Dunimas turned around and saw Nora’s boiling red face.
“I’m going to teach you and that’s final!” She roared.
“So I’ll eventually learn how to fight by jumping off cliffs.” Dunimas said squinting his eyes in annoyance.
“I was just joking. You’re going to follow me, walk inside my dojo, pay 75 dollars, bow down, and then I train you.” She instructed.
“Why do I have to pay 75-“
“What did I just tell you to do?!” Nora interrupted.
“ I follow you, walk in, bow down to 75 dollars and you’ll train me.” Dunimas said acting as if he misheard her.
“Hey, he’s my-“
“No! You bow down to me!” she screamed standing on her toes and cutting Master Yin off.
“Oh, so I walk in, bow down to 75 dollars, bow down to you, you scream at me, then you train me.” Dunimas said.
“Dunimas, just how dumb are you?” Nora asked.
“It varies.” Dunimas admitted rubbing the back of his head.
Um…is anyone gonna reply?
A couple more good shows to study from (although these are more on the wacky side):
Freakazoid
The Tick
Earthworm Jim (except there’s no DVDs for it)
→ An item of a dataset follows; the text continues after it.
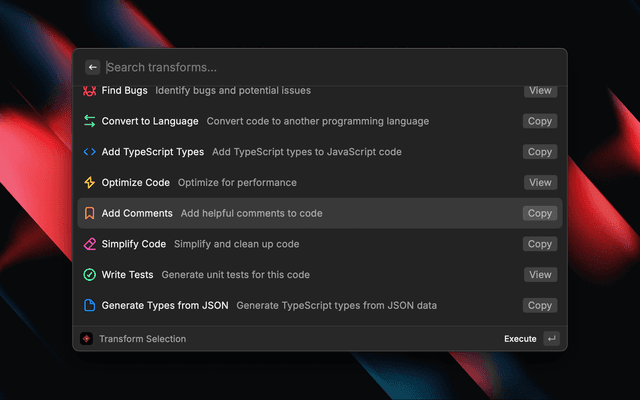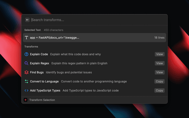 One-keystroke code transformations from any app.

The show Static Shock has some great lines. But the only way to watch it is illegally since no one decided to release the DVDs. Still, pretty funny.
There’s the part where Richie becomes Gear (though he has no hero name) to save Virgil since Ebon suspects he’s Static (which he is, so lucky him). Anyway, I think Ebon is the one who comments on the new guy dressed in whats barely passable as a costume and Static says “It’s a work in progress. I want to call him Robin the Boy Wonder.” Richie responds: “Uh… No.” “See? We’re still working on it.”
IMO Merlin (BBC) has a very good sense of humour, it takes the audience away from that dark side of the show even if it is just for a few moments.
My story was working with already very established characters, and I’m awful at writing comedy, so I had a friend tell me what she liked in comedy, and I tried to see what I liked as well. Coming up with ‘comedy of errors’ sort of thing, the subject was a suprise party. [Two girls who can't cook try to bake a cake and fail miserably, the decorators accidentally tell the guest of honor about the party, and they invite the police chief, then bring up illegal fireworks.] Maybe this kind of thing would work for others.
“Two girls who can’t cook try to bake a cake and fail miserably, the decorators accidentally tell the guest of honor about the party, and they invite the police chief, then bring up illegal fireworks.” Haha, that all sounds promising.
The Office UK or US?
I think both are pretty solid. If you only have time for one, I’d recommend going with the one closer to your market.